TverskyLoss = smp.losses.TverskyLoss(mode='multilabel', log_loss=False)
BCELoss = smp.losses.SoftBCEWithLogitsLoss()
def criterion(pred,target):
return 0.5*BCELoss(pred, target) + 0.5*TverskyLoss(pred, target)
学習を行います。
history = {"train_loss": []}
n = 0
m = 0
for epoch in range(15):
train_loss = 0
val_loss = 0
unet.train()
for i, data in enumerate(train_loader):
inputs, labels = data["img"].to(device), data["label"].to(device)
optimizer.zero_grad()
outputs = unet(inputs)
loss = criterion(outputs, labels)
loss.backward()
optimizer.step()
train_loss += loss.item()
history["train_loss"].append(loss.item())
n += 1
if i % ((len(train_df)//BATCH_SIZE)//10) == (len(train_df)//BATCH_SIZE)//10 - 1:
print(f"epoch:{epoch+1} index:{i+1} train_loss:{train_loss/n:.5f}")
n = 0
train_loss = 0
unet.eval()
with torch.no_grad():
for i, data in enumerate(val_loader):
inputs, labels = data["img"].to(device), data["label"].to(device)
outputs = unet(inputs)
loss = criterion(outputs, labels)
val_loss += loss.item()
m += 1
if i % (len(val_df)//BATCH_SIZE) == len(val_df)//BATCH_SIZE - 1:
print(f"epoch:{epoch+1} index:{i+1} val_loss:{val_loss/m:.5f}")
m = 0
val_loss = 0
scheduler.step()
torch.save(unet.state_dict(), f"./train_{epoch+1}.pth")
print("finish training")
損失の推移をプロットします。
縦軸がlossで横軸が各バッチを示します。
plt.figure()
plt.plot(history["train_loss"])
plt.xlabel('batch')
plt.ylabel('train_loss')
plt.figure()
plt.plot(history["val_loss"])
plt.xlabel('batch')
plt.ylabel('validation_loss')
testデータに対して予測を行います。
validation用データセットの損失が最も低かったエポックの重みを使用します。
model = UNet_3D()
model.load_state_dict(torch.load("./train_13.pth"))
model.eval()
data = next(iter(test_loader))
inputs, labels = data["img"], data["label"]
outputs = model(inputs)
sigmoid = nn.Sigmoid()
outputs = sigmoid(outputs)
pred = torch.argmax(outputs, axis=1)
pred = torch.nn.functional.one_hot(pred.long(), num_classes=4).to(torch.float32)
元の画像と予測結果を表示します。
plt.figure()
plt.imshow(data["img"][0,:,88,:,:].permute(1, 2, 0))

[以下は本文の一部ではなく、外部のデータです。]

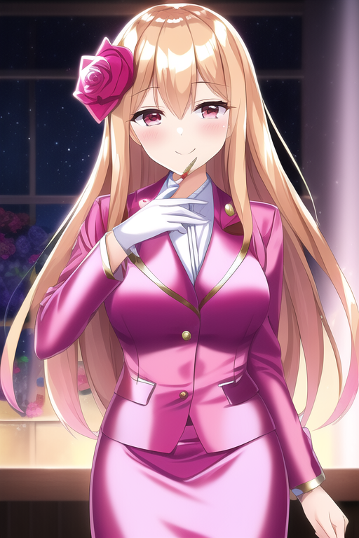いつも通り光沢感は強めに指定して生成してもらってます。この色の服装ですと、金髪が一番よく似合いますかね。
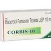 Corbis 10mg Tablet belongs to a group of medicines called beta-blockers. It is used to treat high blood pressure (hypertension), angina (heart-related chest pain), irregular heart rhythms (arrhythmia). It also helps to prevent future heart attacks and migraines.

plt.title("original_image")
plt.axis("off")
plt.figure()
classes = ["background","large_bowel","small_bowel","stomach"]
fig, ax = plt.subplots(2, 4, figsize=(15,8))
for i in range(2):
for j, cl in enumerate(classes):
if i == 0:
ax[i,j].imshow(pred[0,88,:,:,j])
ax[i,j].set_title(f"pred_{cl}")
ax[i,j].axis("off")
else:
ax[i,j].imshow(data["label"][0,j,88,:,:])
ax[i,j].set_title(f"label_{cl}")
ax[i,j].axis("off")
2DUNetほど高精度に予測できていません。画像の水増しにも限界があり、データの絶対量が足らないという印象です(畳み込み第1層の出力チャンネル数を減らしたことが原因の可能性もあります)。
2DのUNetとの精度の比較は、2.5DのUNet(2D_Convolutionと3D_Convolutionの組み合わせ)を実装する際に行います。